* [EXERCISE] Pictures are to be left out; every line from the one that holds "- Comes with" to the end of the data is to be retyped exactly.

* [GIVEN MATERIAL]
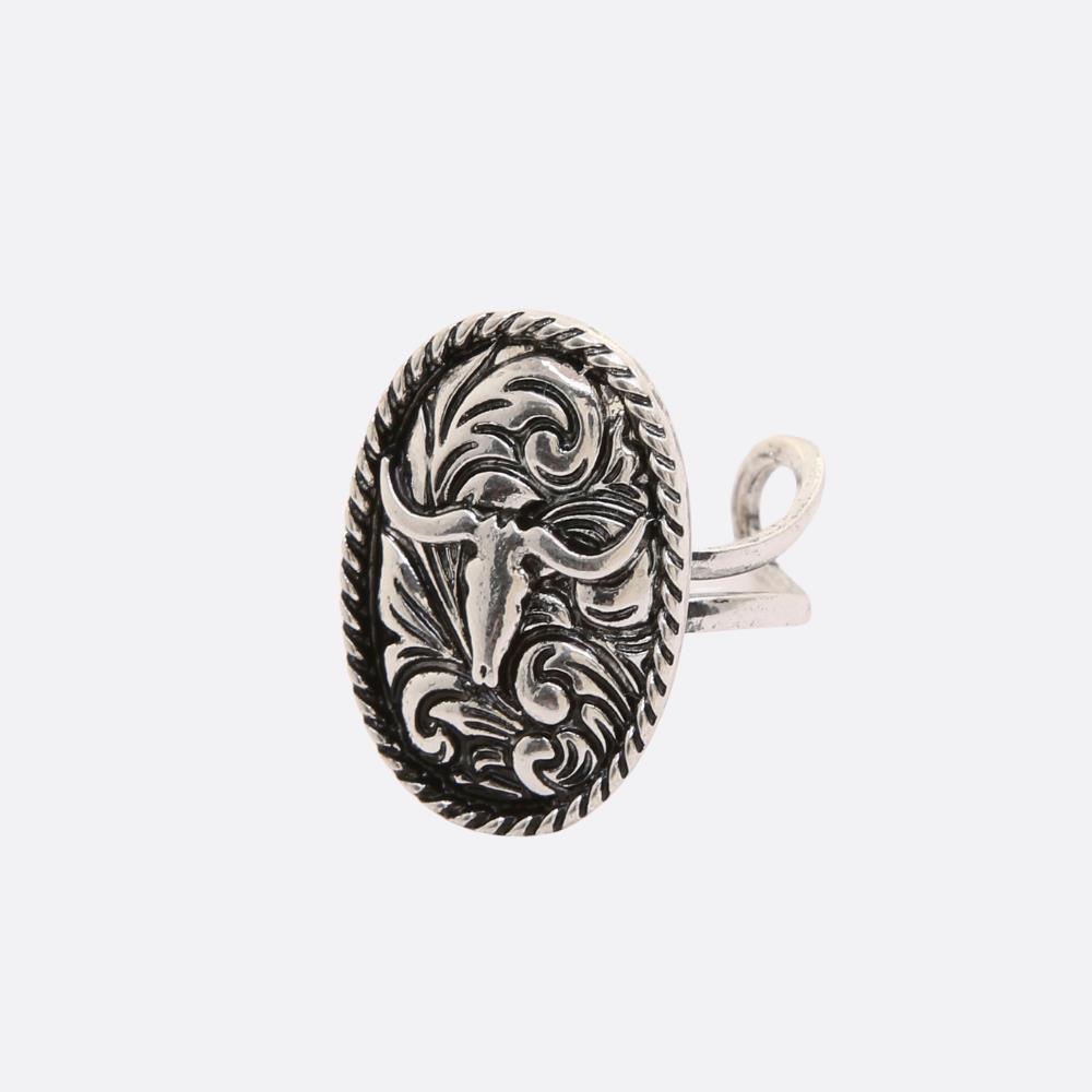 WESTERN OVAL TURQUOISE CATTLE SKULL ADJUSTABLE RING
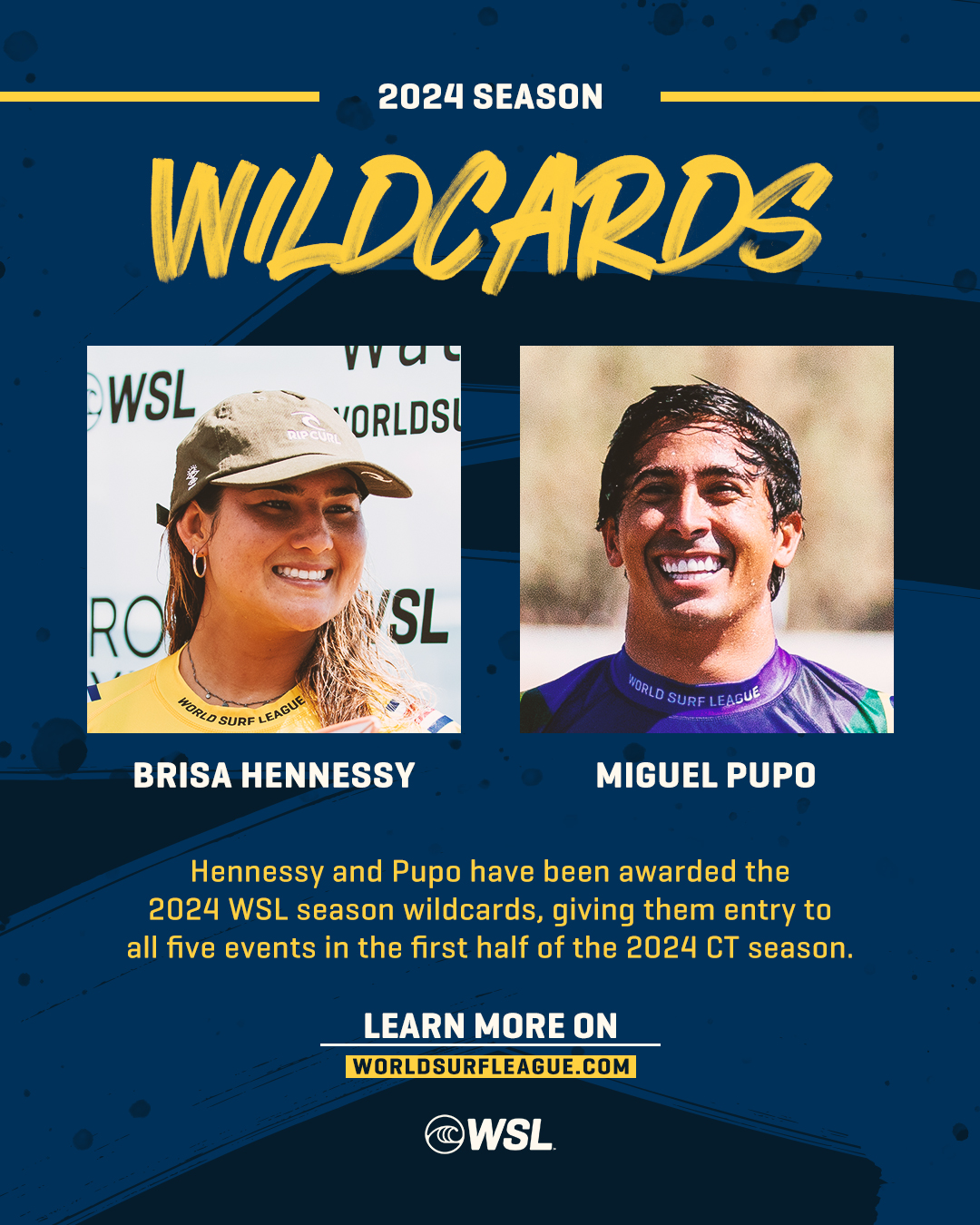 さらにMiguel PupoとBrisa Hennessyの2名がWSLシーズン・ワイルドカードの別枠により2024年CT前半戦への出場権のみを獲得することが決定。
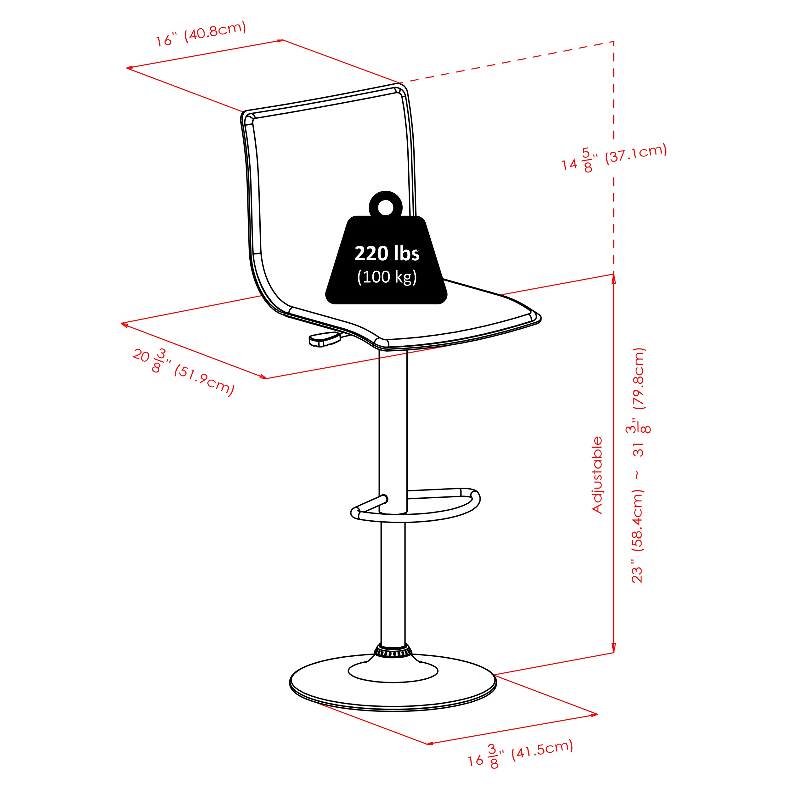 - Comes with 2 L-Back Stool adjusts 22.70" to 30.70" High. Overall size 16.34"W x 20"D x 45.08"H
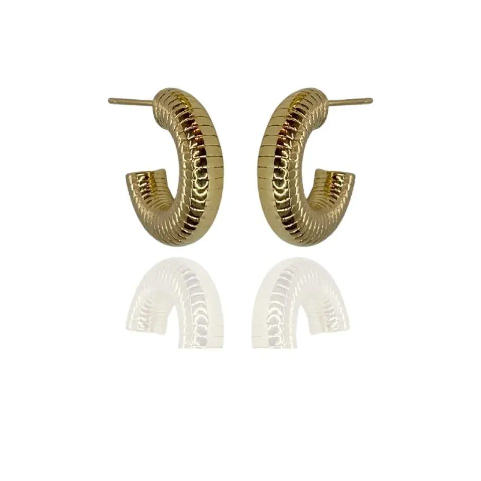 Brinco meia argola de tarraxa, tamanho pequena e toda trabalhada

* [EXERCISE OUTPUT]
 - Comes with 2 L-Back Stool adjusts 22.70" to 30.70" High. Overall size 16.34"W x 20"D x 45.08"H
 Brinco meia argola de tarraxa, tamanho pequena e toda trabalhada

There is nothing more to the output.